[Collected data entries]
***
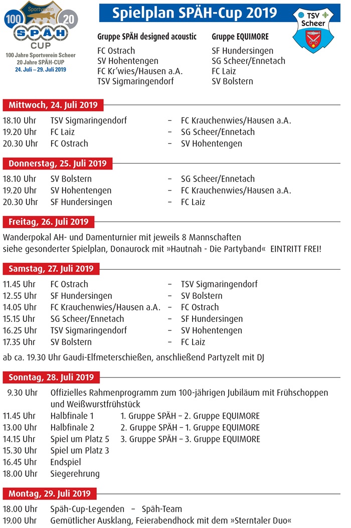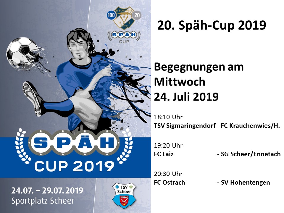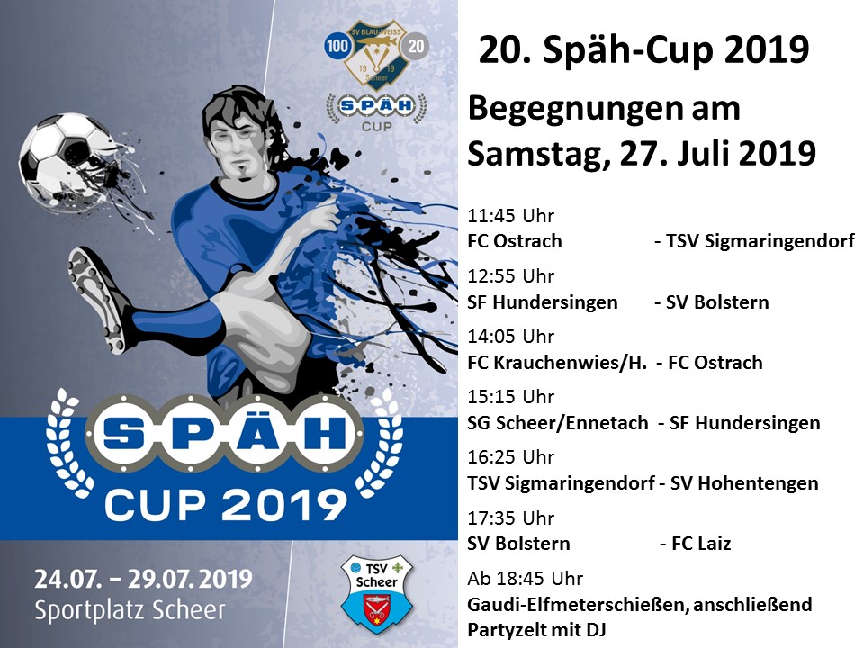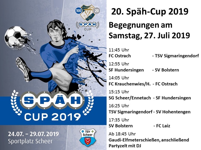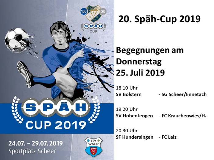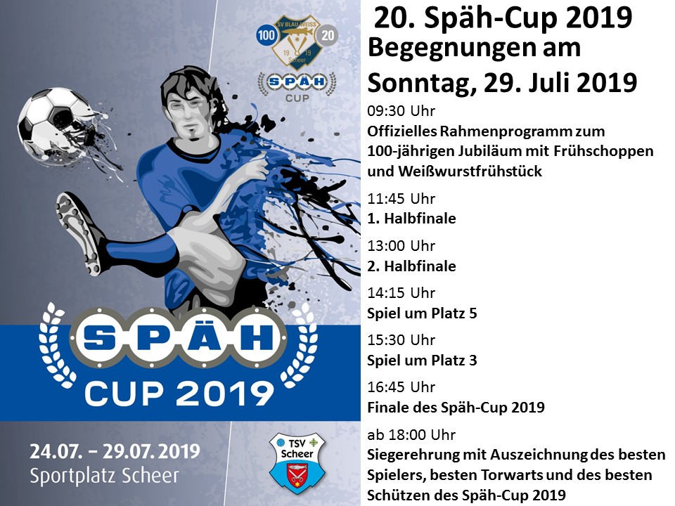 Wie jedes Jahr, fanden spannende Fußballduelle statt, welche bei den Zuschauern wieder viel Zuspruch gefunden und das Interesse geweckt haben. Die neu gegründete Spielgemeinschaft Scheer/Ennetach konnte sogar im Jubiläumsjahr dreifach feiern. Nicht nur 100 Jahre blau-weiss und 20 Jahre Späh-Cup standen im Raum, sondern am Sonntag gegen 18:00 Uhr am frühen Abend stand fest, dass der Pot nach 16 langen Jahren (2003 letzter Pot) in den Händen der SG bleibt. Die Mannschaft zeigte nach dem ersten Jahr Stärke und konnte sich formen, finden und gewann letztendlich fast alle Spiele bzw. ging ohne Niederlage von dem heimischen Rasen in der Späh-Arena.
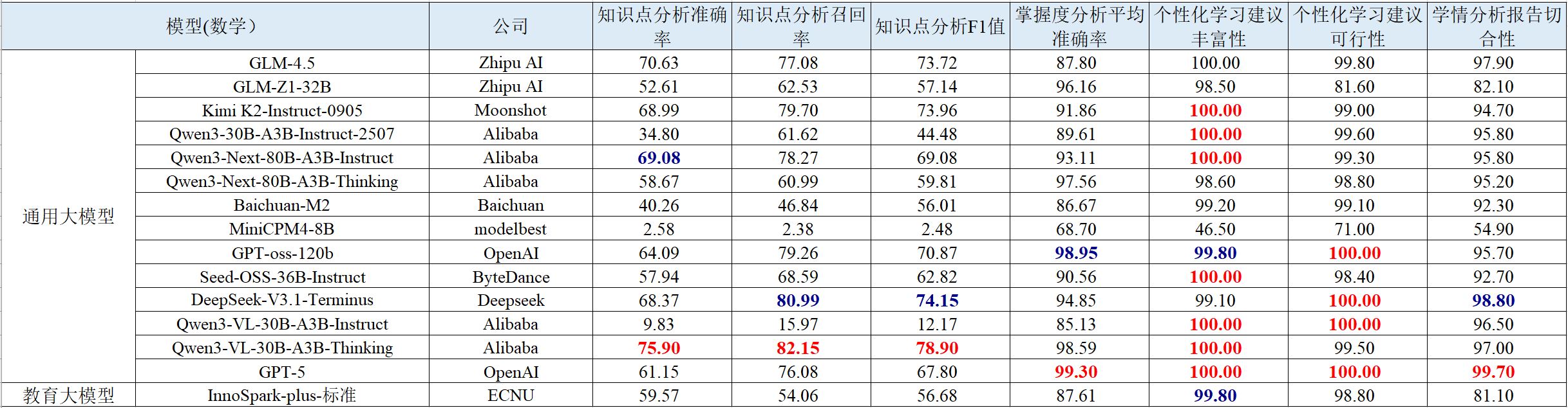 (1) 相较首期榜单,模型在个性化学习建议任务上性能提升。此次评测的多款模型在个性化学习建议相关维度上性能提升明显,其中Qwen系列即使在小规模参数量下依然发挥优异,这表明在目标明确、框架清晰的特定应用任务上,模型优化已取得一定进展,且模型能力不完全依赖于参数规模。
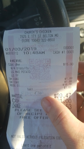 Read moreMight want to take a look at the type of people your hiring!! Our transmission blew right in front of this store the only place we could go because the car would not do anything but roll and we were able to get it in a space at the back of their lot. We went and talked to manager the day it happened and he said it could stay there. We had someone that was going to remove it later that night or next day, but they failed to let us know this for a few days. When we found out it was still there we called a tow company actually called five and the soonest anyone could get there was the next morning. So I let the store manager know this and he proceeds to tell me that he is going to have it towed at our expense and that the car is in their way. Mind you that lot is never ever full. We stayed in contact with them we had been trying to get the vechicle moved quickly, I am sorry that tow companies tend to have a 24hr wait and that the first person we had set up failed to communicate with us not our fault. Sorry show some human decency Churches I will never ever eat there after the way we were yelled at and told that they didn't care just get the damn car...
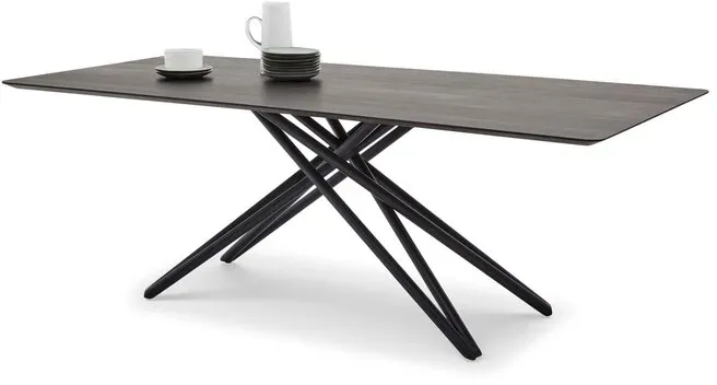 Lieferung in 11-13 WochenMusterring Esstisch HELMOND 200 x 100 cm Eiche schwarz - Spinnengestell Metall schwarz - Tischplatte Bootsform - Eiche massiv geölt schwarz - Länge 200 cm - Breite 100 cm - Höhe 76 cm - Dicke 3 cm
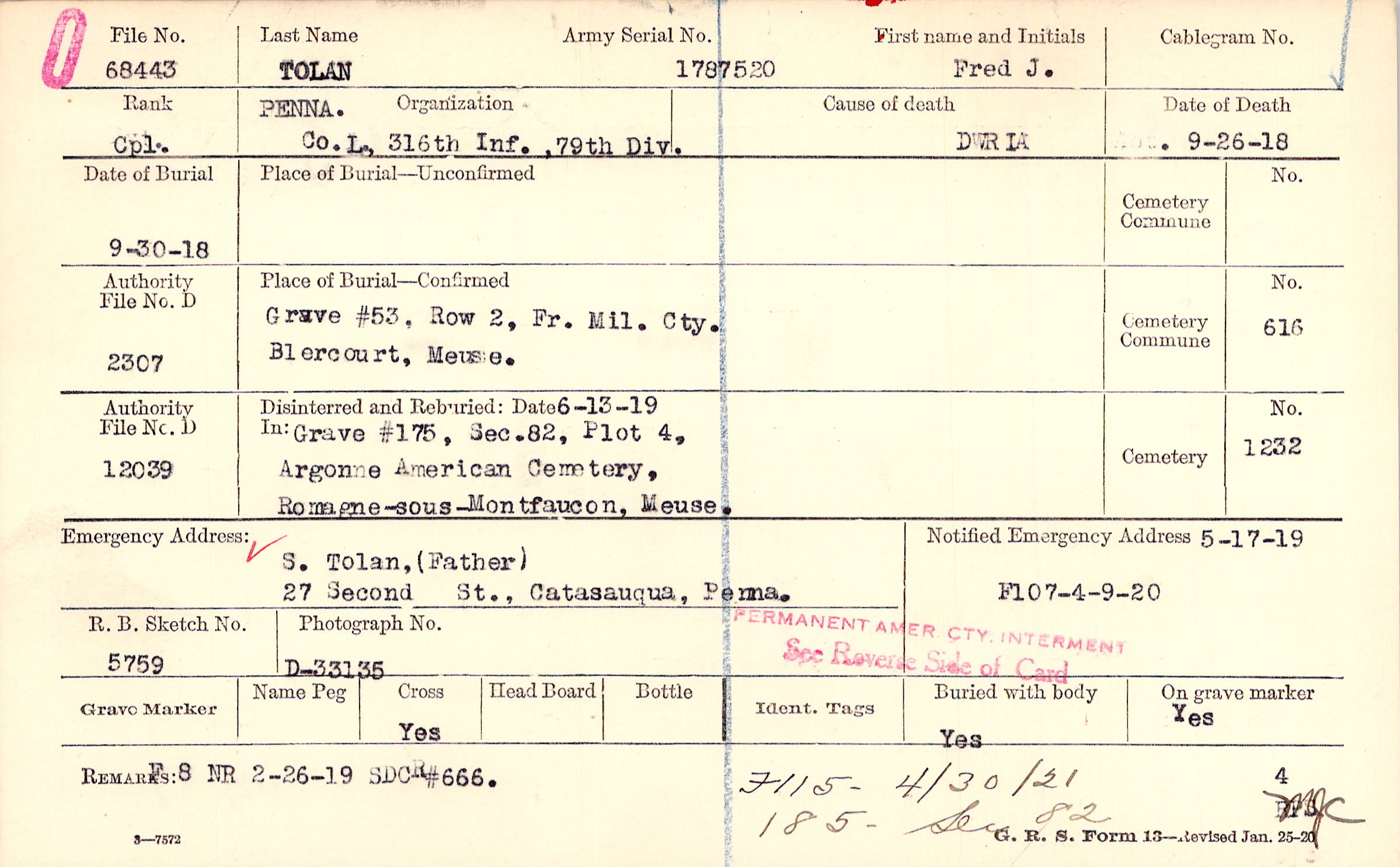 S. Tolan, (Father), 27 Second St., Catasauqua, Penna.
***
WHAT YOU NEED TO DO => Pictures are to be dropped; the lines from the start of the entries above through the line with "(1) 相较首期榜单,模型在" are to be given again verbatim.

FINISHED EXERCISE =>
 Wie jedes Jahr, fanden spannende Fußballduelle statt, welche bei den Zuschauern wieder viel Zuspruch gefunden und das Interesse geweckt haben. Die neu gegründete Spielgemeinschaft Scheer/Ennetach konnte sogar im Jubiläumsjahr dreifach feiern. Nicht nur 100 Jahre blau-weiss und 20 Jahre Späh-Cup standen im Raum, sondern am Sonntag gegen 18:00 Uhr am frühen Abend stand fest, dass der Pot nach 16 langen Jahren (2003 letzter Pot) in den Händen der SG bleibt. Die Mannschaft zeigte nach dem ersten Jahr Stärke und konnte sich formen, finden und gewann letztendlich fast alle Spiele bzw. ging ohne Niederlage von dem heimischen Rasen in der Späh-Arena.
 (1) 相较首期榜单,模型在个性化学习建议任务上性能提升。此次评测的多款模型在个性化学习建议相关维度上性能提升明显,其中Qwen系列即使在小规模参数量下依然发挥优异,这表明在目标明确、框架清晰的特定应用任务上,模型优化已取得一定进展,且模型能力不完全依赖于参数规模。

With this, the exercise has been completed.